In Maryland, as elsewhere, the plain meaning rule does not permit extrinsic evidence to contradict what is expressed in the clear language of the will. The plain meaning rule does not, nor did it ever, preclude extrinsic evidence that explains or supports the language contained in the will as long as it does not contradict it. Thus extrinsic evidence is permitted to explain what is meant by the language in the will:
“If the intention cannot be clearly made out from the language of the will, taken in its usual and proper acceptation, then the peculiar situation of the testator and the relations subsisting between him and the objects of his bounty at the time of making his will may be considered in conjunction with the language of the will, and it will be interpreted, with the aid of the light thus thrown upon it, in accordance with the accepted canons of construction. The court will put itself in the testator’s place; in his armchair; will see the circumstances that he saw; appreciate his surroundings as he appreciated them; and then give to the language he has used in his will the meaning which their circumstances and these surroundings indicate he intended the language to have. The court will thus with more accuracy interpret the words of the testator, and gather what he meant to say from what he did say, as viewed from the standpoint he then occupied.”[1]

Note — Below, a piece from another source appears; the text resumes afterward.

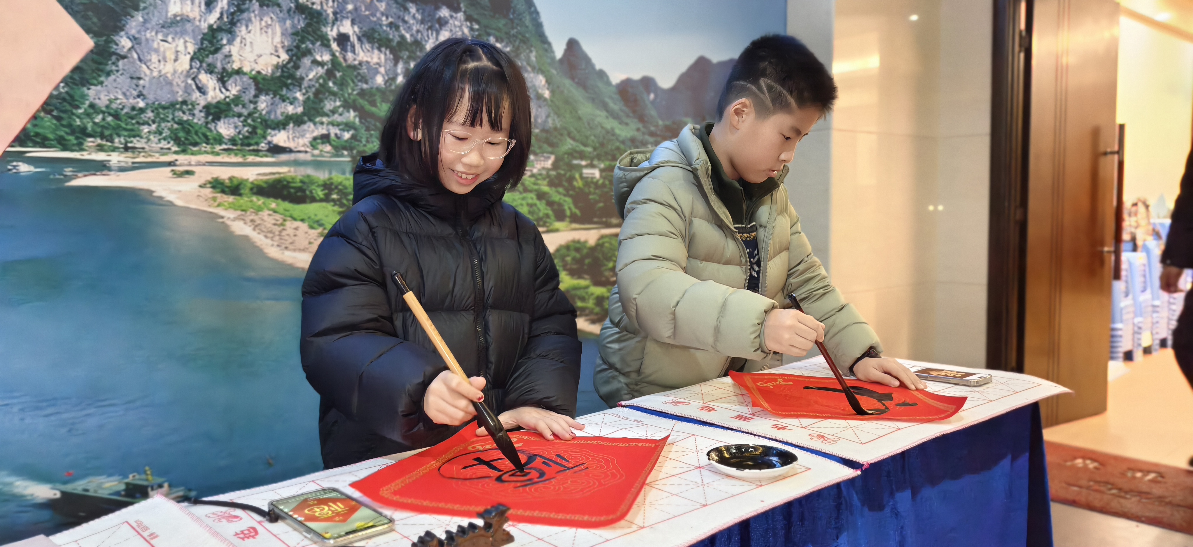 在老师的指导下,参与者领取红纸、毛笔、墨汁等材料,纷纷提笔挥毫。将对新年的美好期许与对国家的热爱融入笔端。一幅幅饱含祝福的福字与春联在笔下诞生,既有传统韵味,又彰显时代精神。

Accordingly, extrinsic evidence setting forth the surrounding circumstance of the testator/testatrix is always permitted so that the court may understand the situation that the testator/testatrix was in at the time the will was made. Reedy v. Barber, 253 Md. 141, 148 (1969)(citing Philip Louis Sykes, “Probate Law and Practice,” Vol. 1, § 51 (1956)); Marty v. First Nat. Bank of Balt., 209 Md. 210, 217 (1956); Hebden v. Keim, 196 Md. 45, 50 (1950); Chism v. Reese, 190 Md. 311 (1948); Jones v. Holloway, 183 Md. 40, 42-43 (1944); Robinson v. Mercantile Trust Co., 180 Md. 336, 339 (1942); Hutton v. Safe Deposit & Trust Co., 133 A. 308, 313 (Md. 1926); West v. Sellmayer, 133 A. 333, 334 (Md. 1926).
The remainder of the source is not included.